● **Try it**
In the records below, find the line containing "Obiettivo per fotocamera" and the line containing "Drying to a". Give again exactly those lines and every line between them, omitting the pictures.

● **The records**
◇ ◇ ◇
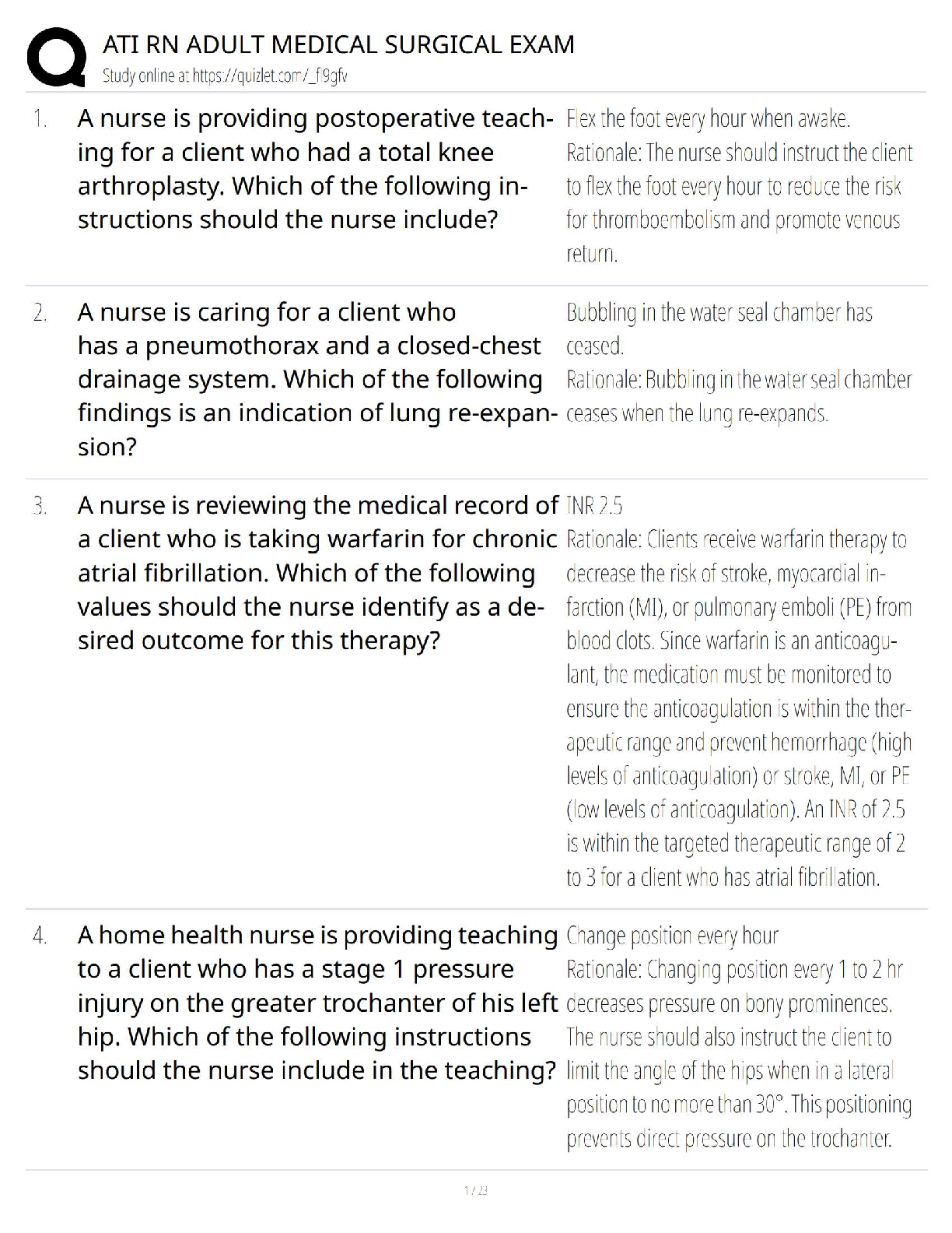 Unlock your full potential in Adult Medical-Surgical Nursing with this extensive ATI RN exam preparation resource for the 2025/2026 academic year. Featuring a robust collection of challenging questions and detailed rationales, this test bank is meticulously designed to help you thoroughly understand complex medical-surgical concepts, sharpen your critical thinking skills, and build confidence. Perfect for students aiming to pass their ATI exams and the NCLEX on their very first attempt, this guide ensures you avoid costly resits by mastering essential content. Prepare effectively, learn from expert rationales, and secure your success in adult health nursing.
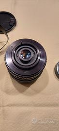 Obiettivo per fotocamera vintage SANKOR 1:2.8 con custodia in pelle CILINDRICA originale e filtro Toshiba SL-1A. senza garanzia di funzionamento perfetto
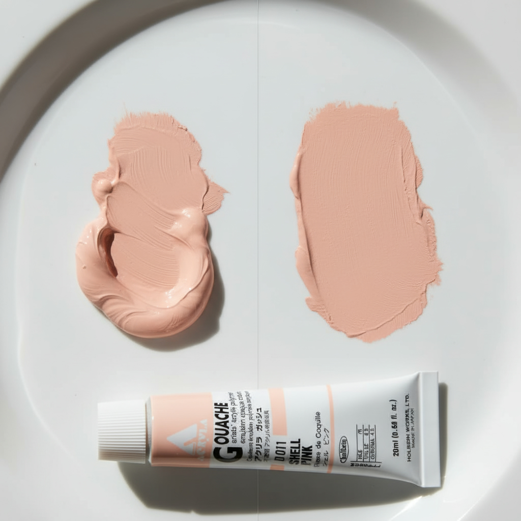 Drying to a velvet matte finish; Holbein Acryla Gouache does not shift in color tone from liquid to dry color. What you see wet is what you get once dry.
◇ ◇ ◇
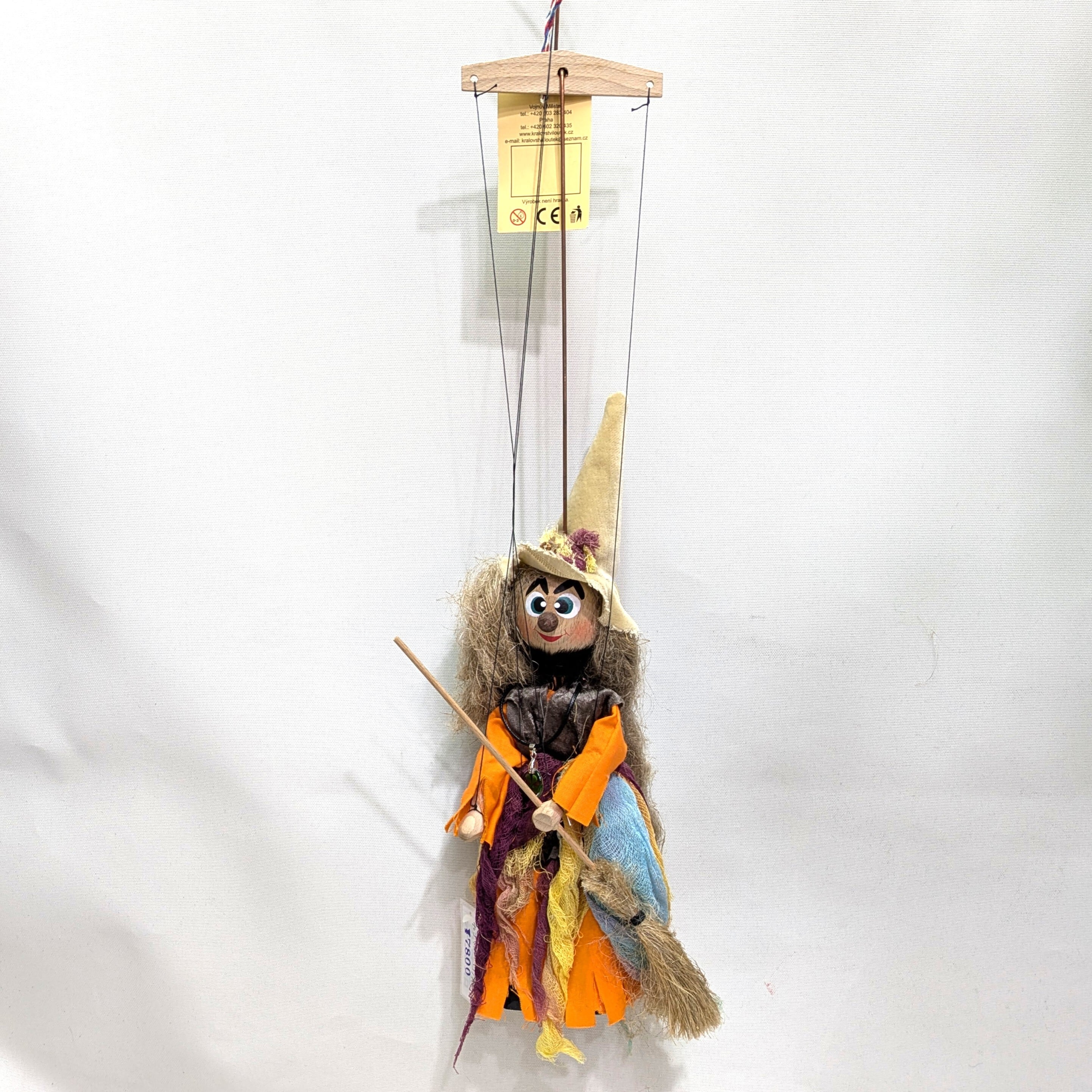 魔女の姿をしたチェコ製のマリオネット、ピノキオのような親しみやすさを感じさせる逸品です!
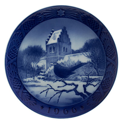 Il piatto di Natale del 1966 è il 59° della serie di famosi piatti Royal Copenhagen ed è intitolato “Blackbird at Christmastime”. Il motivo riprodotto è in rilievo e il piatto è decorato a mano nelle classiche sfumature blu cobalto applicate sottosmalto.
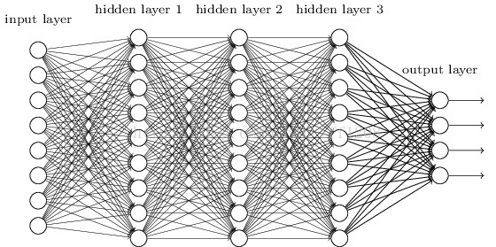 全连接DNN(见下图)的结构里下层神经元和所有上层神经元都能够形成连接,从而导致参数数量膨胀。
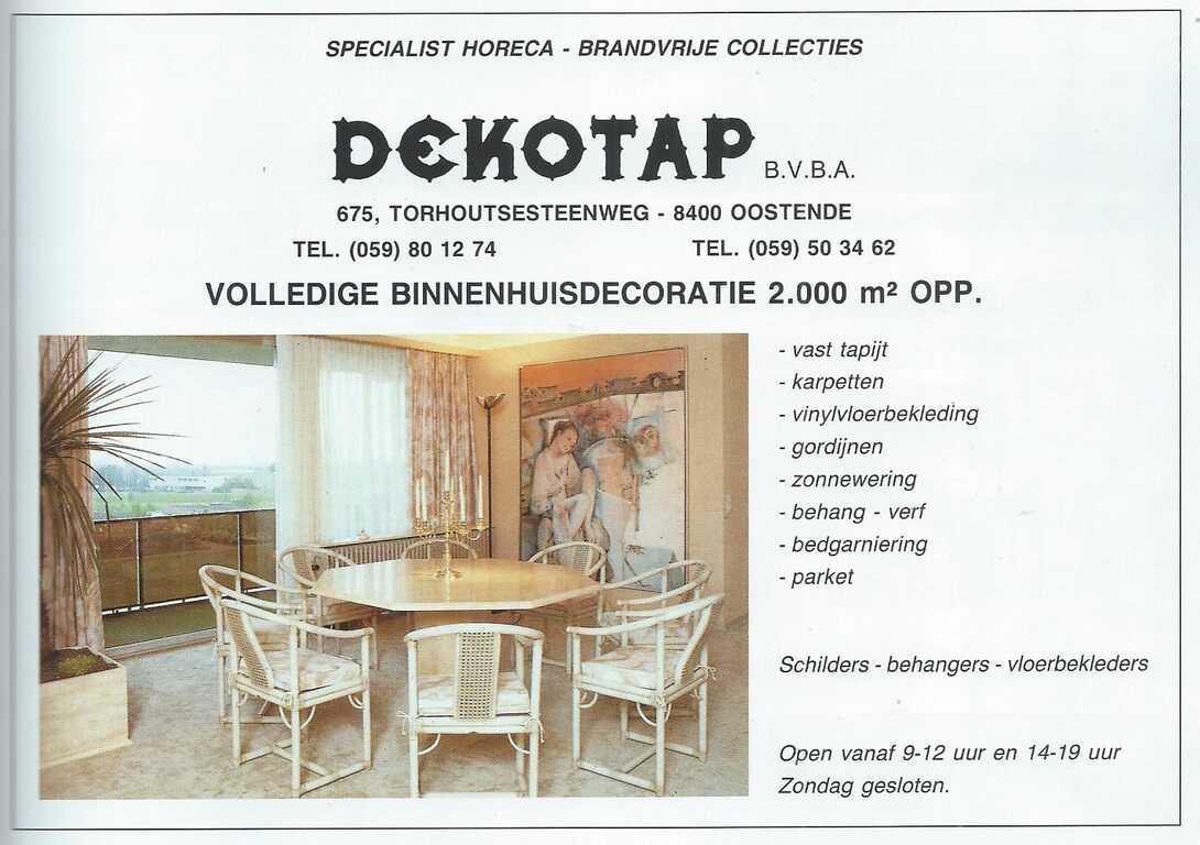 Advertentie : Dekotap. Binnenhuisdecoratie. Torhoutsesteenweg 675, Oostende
◇ ◇ ◇
● **Solution below**
 Obiettivo per fotocamera vintage SANKOR 1:2.8 con custodia in pelle CILINDRICA originale e filtro Toshiba SL-1A. senza garanzia di funzionamento perfetto
 Drying to a velvet matte finish; Holbein Acryla Gouache does not shift in color tone from liquid to dry color. What you see wet is what you get once dry.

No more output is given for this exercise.